Gli fa eco Renato Peroni, che nota come in Campania non si percepisca quella cesura fra Bronzo Antico e Medio, netta altrove, poiché molte forme vascolari derivano da quelle della facies di Palma Campania. Infatti, in un breve  saggio sulla protostoria campana lo studioso avanza l’ipotesi che la formazione della facies appenninica abbia avuto la sua sede proprio in Campania. Gli insediamenti umani relativi al Bronzo Medio, che ancora una volta sono a Sarno, ma anche a Pompei e a Poggiomarino,  avevano diverse forme di economia: innanzitutto pastorale, ma anche agricola, e forme miste in cui si praticava estesamente il commercio.

Continua l’utilizzo della pietra  più raffinata, per la realizzazione di armi e utensili vari, mentre la produzione ceramica è sempre più sviluppata. L’impatto ambientale  è sempre più marcato e reso necessario dall’adozione compiuta dell’agricoltura, che ormai supera le necessità della mera sussistenza, riuscendo a creare eccedenze agricole. La necropoli di eccezionale importanza ritrovata a Sant’Abbondio, presso  Pompei,  ha restituito deposizioni in fosse con una copertura di ciottoli, tufo o scaglie di lava, con defunti sepolti in posizione rannicchiata.

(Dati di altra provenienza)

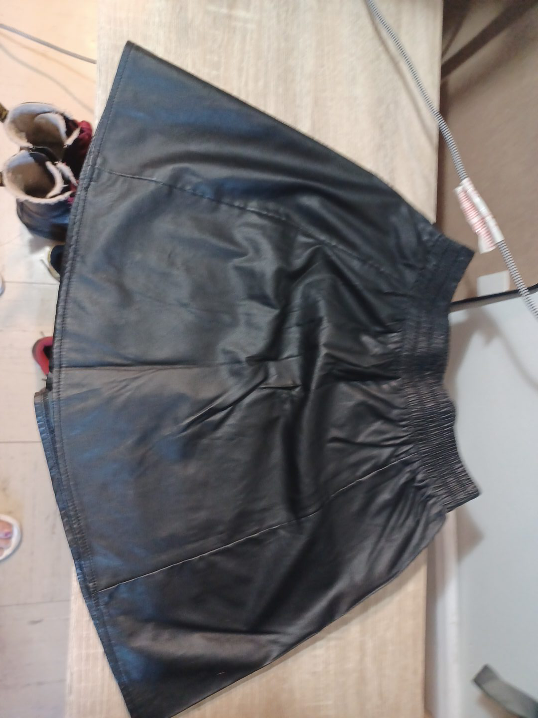 75Selling a black leather skirt. It's in great condition and would be a great addition to any wardrobe!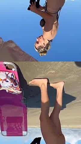 Marvelous blond woman in a transparent ebony bikini showing anything to her ally.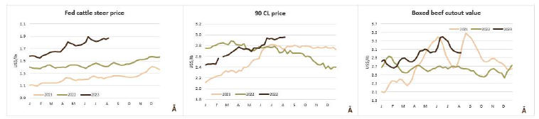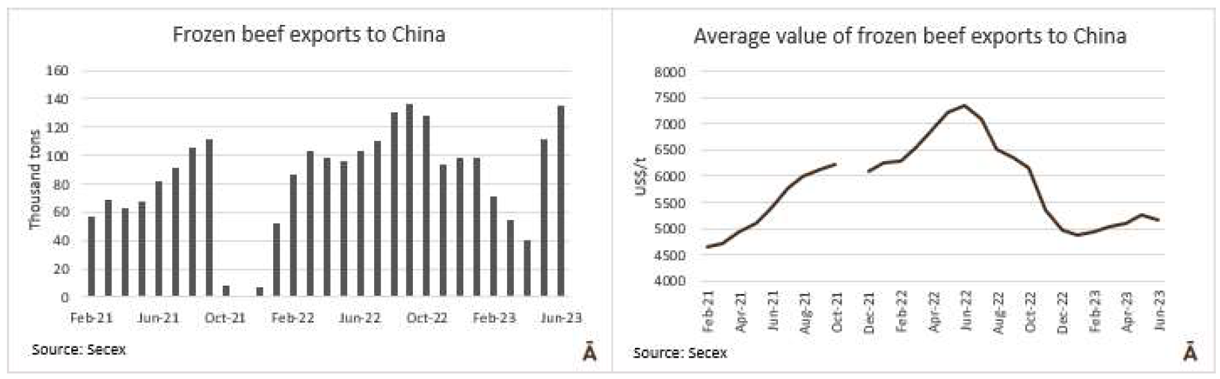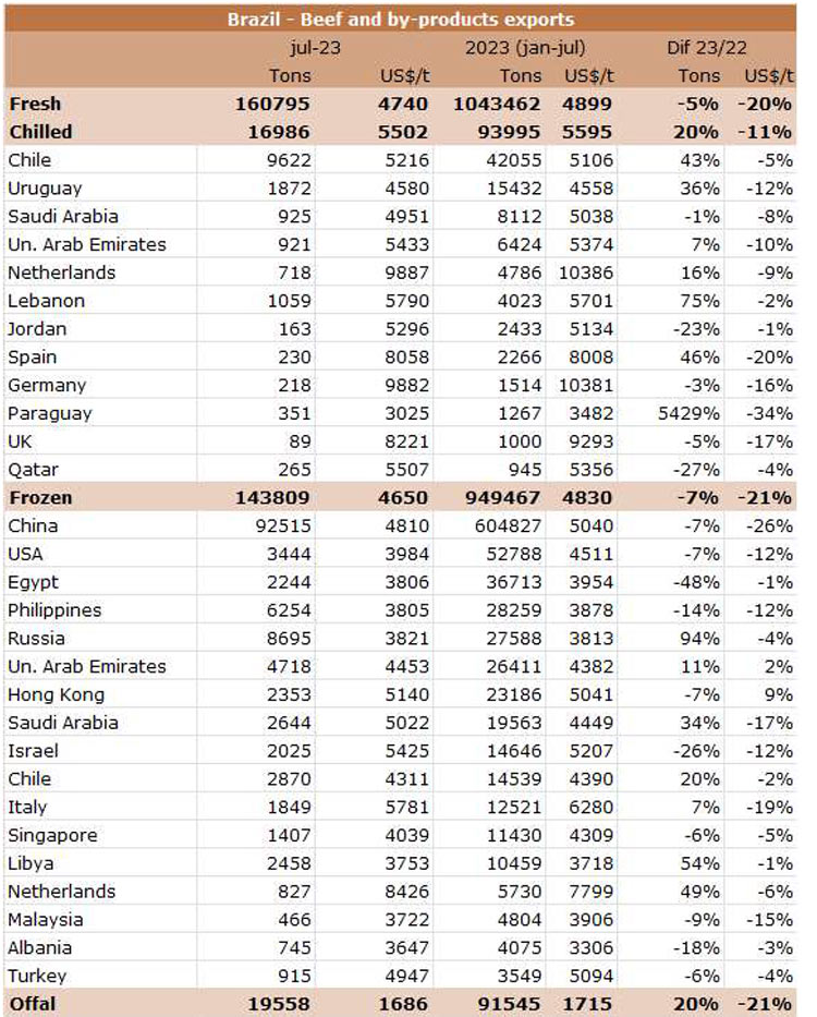 7月份,巴西對(duì)中國(guó)的冷凍牛肉平均出口價(jià)格為4810美元/噸,比6月份的平均出口價(jià)格每噸低350美元(-6.8%),為16個(gè)月前2021年3月以來的最低值。7月份中國(guó)出口量環(huán)比下降4.3萬噸至92515噸。無論如何,到目前為止,中國(guó)仍然是巴西冷凍牛肉的主要出口國(guó),占比為64%。本月冷凍牛肉第二大目的地是俄羅斯(8695噸)。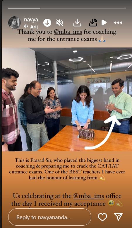 पहली तस्वीर में उन्हें ब्लैक कलर के सूट में एक बोर्ड के साथ देखा जा सकता है जिसपर आईआईएम लिखा हुआ है। इसी के साथ उन्होंने अपनी इंस्टाग्राम स्टोरी में एक तस्वीर शेयर की है जिसमें वो केक कटिंग के साथ इसे सेलिब्रेट कर रही हैं। उन्होंने अपने प्रसाद सर को भी धन्यवाद दिया जिन्होंने उन्हें कैट (CAT Exam) का एग्जाम क्लियर करने में उनकी मदद की।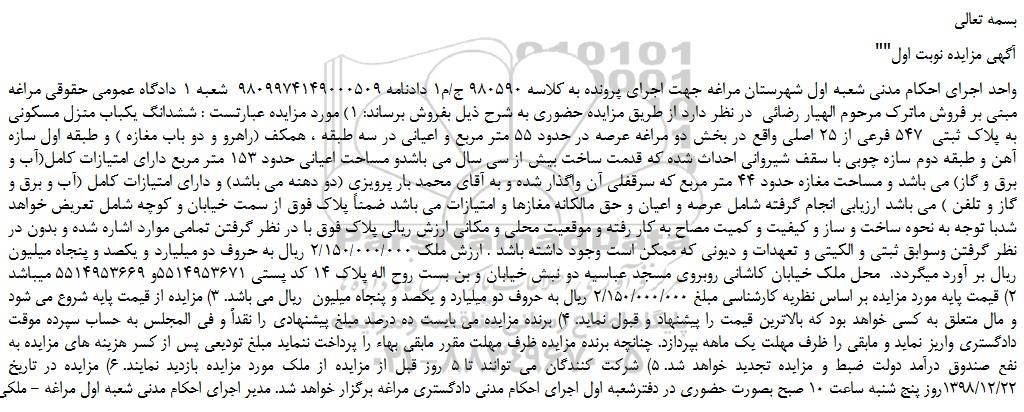 واحد اجرای احکام مدنی شعبه اول شهرستان مراغه جهت اجرای پرونده به کلاسه 980590 ج/م1 دادنامه 9809974149000509 شعبه 1 دادگاه عمومی حقوقی مراغه مبنی بر فروش ماترک مرحوم الهیار رضائی در نظر دارد از طریق مزایده حضوری به شرح ذیل بفروش برساند: 1) مورد مزایده عبارتست : ششدانگ یکباب منزل مسکونی به پلاک ثبتی 547 فرعی از 25 اصلی واقع در بخش دو مراغه عرصه در حدود 55 متر مربع و اعیانی در سه طبقه ، همکف (راهرو و دو باب مغازه ) و طبقه اول سازه آهن و طبقه دوم سازه چوبی با سقف شیروانی احداث شده که قدمت ساخت بیش از سی سال می باشدو مساحت اعیانی حدود 153 متر مربع دارای امتیازات کامل(آب و برق و گاز) می باشد و مساحت مغازه حدود 44 متر مربع که سرقفلی آن واگذار شده و به آقای محمد بار پرویزی (دو دهنه می باشد) و دارای امتیازات کامل (آب و برق و گاز و تلفن ) می باشد ارزیابی انجام گرفته شامل عرصه و اعیان و حق مالکانه مغازها و امتیازات می باشد ضمناً پلاک فوق از سمت خیابان و کوچه شامل تعریض خواهد شدبا توجه به نحوه ساخت و ساز و کیفیت و کمیت مصاح به کار رفته و موقعیت محلی و مکانی ارزش ریالی پلاک فوق با در نظر گرفتن تمامی موارد اشاره شده و بدون در نظر گرفتن وسوابق ثبتی و الکیتی و تعهدات و دیونی که ممکن است وجود داشته باشد . ارزش ملک 2/150/000/000 ریال به حروف دو میلیارد و یکصد و پنجاه میلیون ریال بر آورد میگردد. محل ملک خیابان کاشانی روبروی مسجد عباسیه دو نبش خیابان و بن بست روح اله پلاک 14 کد پستی 5514953671و 5514953669 میباشد 2) قیمت پایه مورد مزایده بر اساس نظریه کارشناسی مبلغ 2/150/000/000 ریال به حروف دو میلیارد و یکصد و پنجاه میلیون ریال می باشد. 3) مزایده از قیمت پایه شروع می شود و مال متعلق به کسی خواهد بود که بالاترین قیمت را پیشنهاد و قبول نماید. 4) برنده مزایده می بایست ده درصد مبلغ پیشنهادی را نقداً و فی المجلس به حساب سپرده موقت دادگستری واریز نماید و مابقی را ظرف مهلت یک ماهه بپردازد. چنانچه برنده مزایده ظرف مهلت مقرر مابقی بهاء را پرداخت ننماید مبلغ تودیعی پس از کسر هزینه های مزایده به نفع صندوق درآمد دولت ضبط و مزایده تجدید خواهد شد. 5) شرکت کنندگان می توانند تا 5 روز قبل از مزایده از ملک مورد مزایده بازدید نمایند. 6) مزایده در تاریخ 1398/12/22روز پنج شنبه ساعت 10 صبح بصورت حضوری در دفترشعبه اول اجرای احکام مدنی دادگستری مراغه برگزار خواهد شد. مدیر اجرای احکام مدنی شعبه اول مراغه - ملکی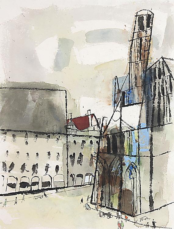 „Straßenszene mit Häusern und Kirche“. Re. u. etwas unles. sign.. Aquarell/Papier, ca. 56 x 42,5 cm (Bildausschnitt). Passepartout, vergl. R..

Il materiale relativo è presente nello stupendo Museo Archeologico di Napoli, insieme ad alti interessantissimi materiali  reperiti in scavi fortuiti nella Valle e facente parte della ricca collezione preistorica napoletana. Nel caso di Pompei l’occupazione di uno spazio in prossimità del mare evidenzia l’inizio dell’occupazione di una fascia costiera che avrebbe permesso poi lo sviluppo di relazioni commerciali stabili con l’intero Mediterraneo e i popoli che in esso viaggiavano. E’ in un siffatto quadro del Bronzo Medio-Finale che nasce l’eccezionale insediamento di Longola, presso Poggiomarino, in un paesaggio lagunare, nato dalle pigre anse del fiume Sarno e costituito con una tecnica particolare: isolotti artificiali ricavati per bonifica stratificata.

Il Villaggio di Longola e altri abitati indiziati a S. Marzano sul Sarno (località Zecchignoli)[3] e a Striano (Affrontata dello Specchio), smentiscono chi vedeva le comunità indigene  incapaci di una simile organizzazione del territorio e le ipotesi che volevano i villaggi della Valle del Sarno costruiti in posizioni elevate.

Ma questa è ancora un’altra storia, che ci interessa molto da vicino e sarà raccontata prossimamente.

[1] Guida al Museo Archeologico Nazionale di Napoli.

[2] Pierfrancesco Talamo-La preistoria del golfo di Napoli- in La collezione preistorica del Museo Archeologico di Napoli.

[3] Vedi “Per l’antichissima storia della Vale del Sarno” ripreso da Guzzo in un suo saggio contenuto  in: “La Campania prima di Pompei- un insediamento protostorico nel Golfo di Napoli”, curata da P.G. Guzzo, C.Cicirelli, C.A. Livadie  ”  e  “La Sarno protourbana e perifluviale dei Sarrasti” Salvatore D’Angelo.